Conspiracy Theories Rise over DC Comics Creative Team Changes


By J. Skyler
January 15, 2013 - 14:14

BOP19.jpg
On Monday, DC Comics gave announcements that Christy Marx, who currently pens Sword of Sorcery featuring Amethyst, Princess of Gemworld, would be taking over Birds of Prey with issue #19. She is replacing Jim Zubkavich (Skullkickers) who now will only appear as guest-writer for issue #18. Additionally, Ray Fawkes and Jeff Lemire (Justice League Dark) will be co-authoring the new Constantine monthly title instead of Robert Venditti. Given the bizarre firing and reinstatement of writer Gail Simone on Batgirl, as well as the unpleasant and permanent departure of other long-term talents such as Rob Liefeld and Greg Rucka, readers began speculating (rather pessimistically) as to the nature of these changes. Luckily, it would appear as though DC is not in the habit of burning all of its bridges, as Marx, Zubkavich, Venditti and Fawkes have all stated such changes came about on amicable terms.

Both Christy Marx and Jim Zubkavich have been given rave reviews for their work on Sword of Sorcery and Skullkickers respectively, and while either would most likely make an improvement over Duane Swierczynski's less than stellar run on Birds of Prey, Marx may ultimately prove the best choice. Swierczynski is not a bad writer, but his characterizations of Dinah Lance and Barbara Gordon are lacking, which is a major misstep for characters who have always drawn appeal due to their empathy. Although Jim Zubkavich stated that he has been "digging deep into analyzing what makes Dinah, Barbara, Ev and the others tick," women writing female characters (especially an all-female ensemble) is a necessity DC Comics and the industry as a whole cannot afford to overlook. Marx's Sword of Sorcery has had particular focus on interpersonal relationships, something she can transfer to Birds of Prey.

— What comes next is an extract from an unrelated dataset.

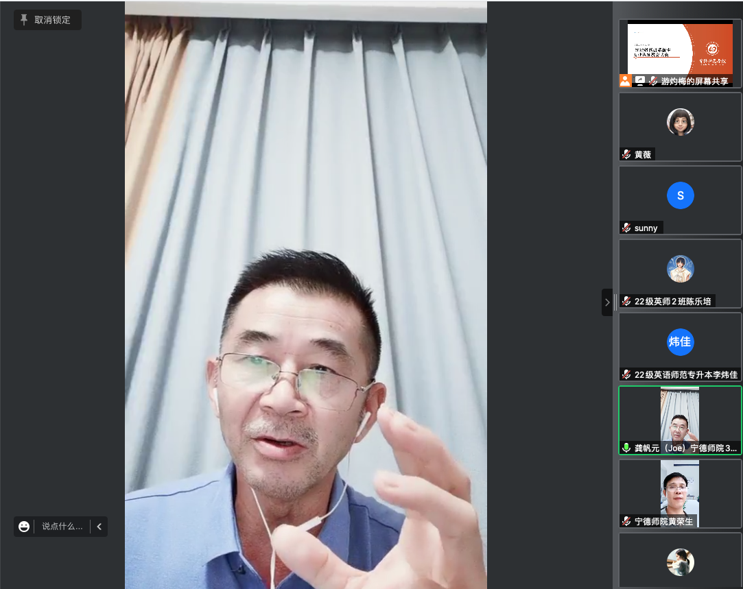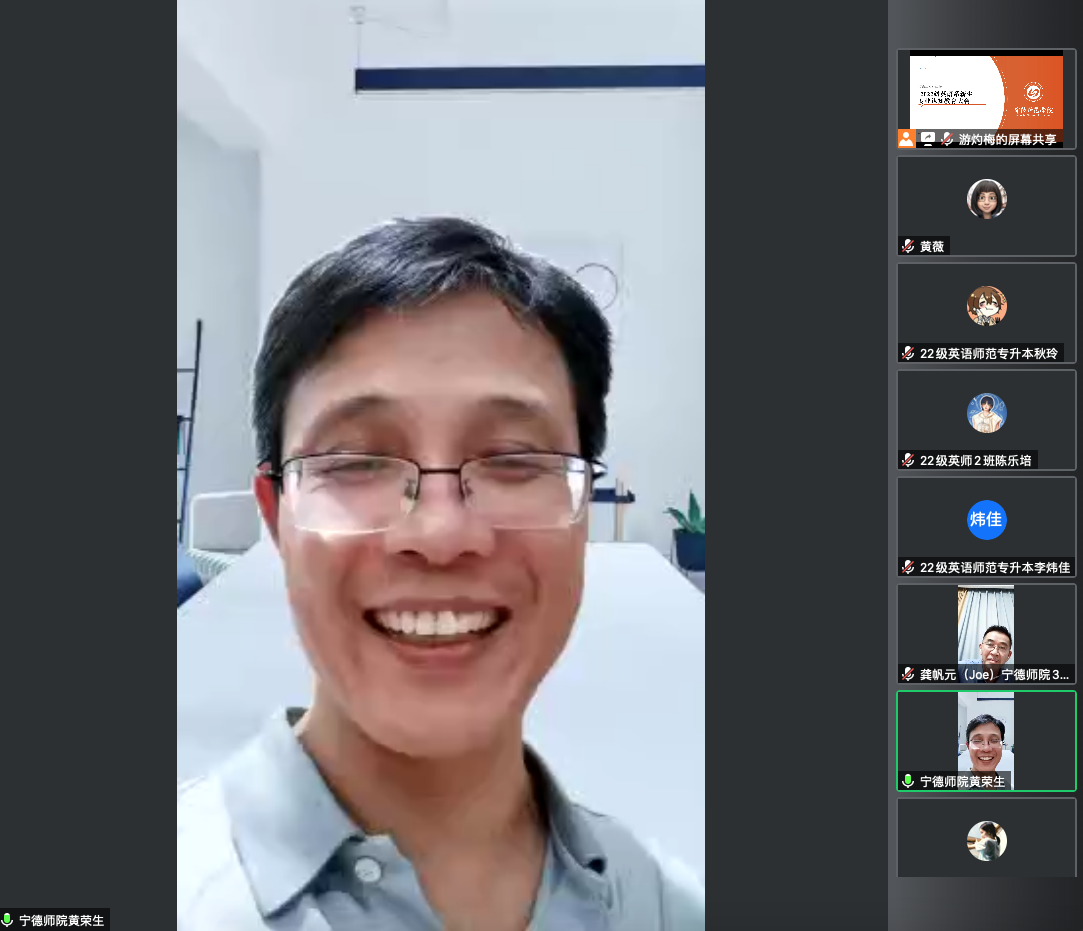 2022年9月15日晚上,英语系于腾讯会议线上召开了2022级英语专业新生教育大会,副院长黄荣生、副书记陶莉、专业带头人龚帆元、系主任游灼梅、系副主任黄薇及三位学习班主任等教师参加了此次动员大会,会议由游灼梅老师主持。

Even though there was a heap of controversy over her depiction of an attempted gang rape in issue #0, as one blogger illustrates, a proper depiction of rape—which illustrates the far reaching implications beyond the act itself—is a worthwhile literary device because it represents very real problems women face, in light of the fact that rape culture attempts to protect the "integrity" of the rapist over the victim. Hopefully, Marx will explore other aspects of male privilege from the superhero perspective, as both Black Canary and Batgirl have both been seen as victims of sexist and misogynist tendencies in comic books.

There is far less enthusiasm for Constantine, as nearly every creative talent even remotely associated with Hellblazer has reacted harshly to the latter being replaced by the former. Due to the Vertigo imprint being absorbed into The New 52 relaunch, the more mature aspects of all its characters and former titles have been diluted to fit into the Teen+ rating for the DC Comics new Universe (DCnU). Time will tell if the new Constantine gels with readers, but when industry insiders turn up their noses, it can be taken as a particularly bad omen.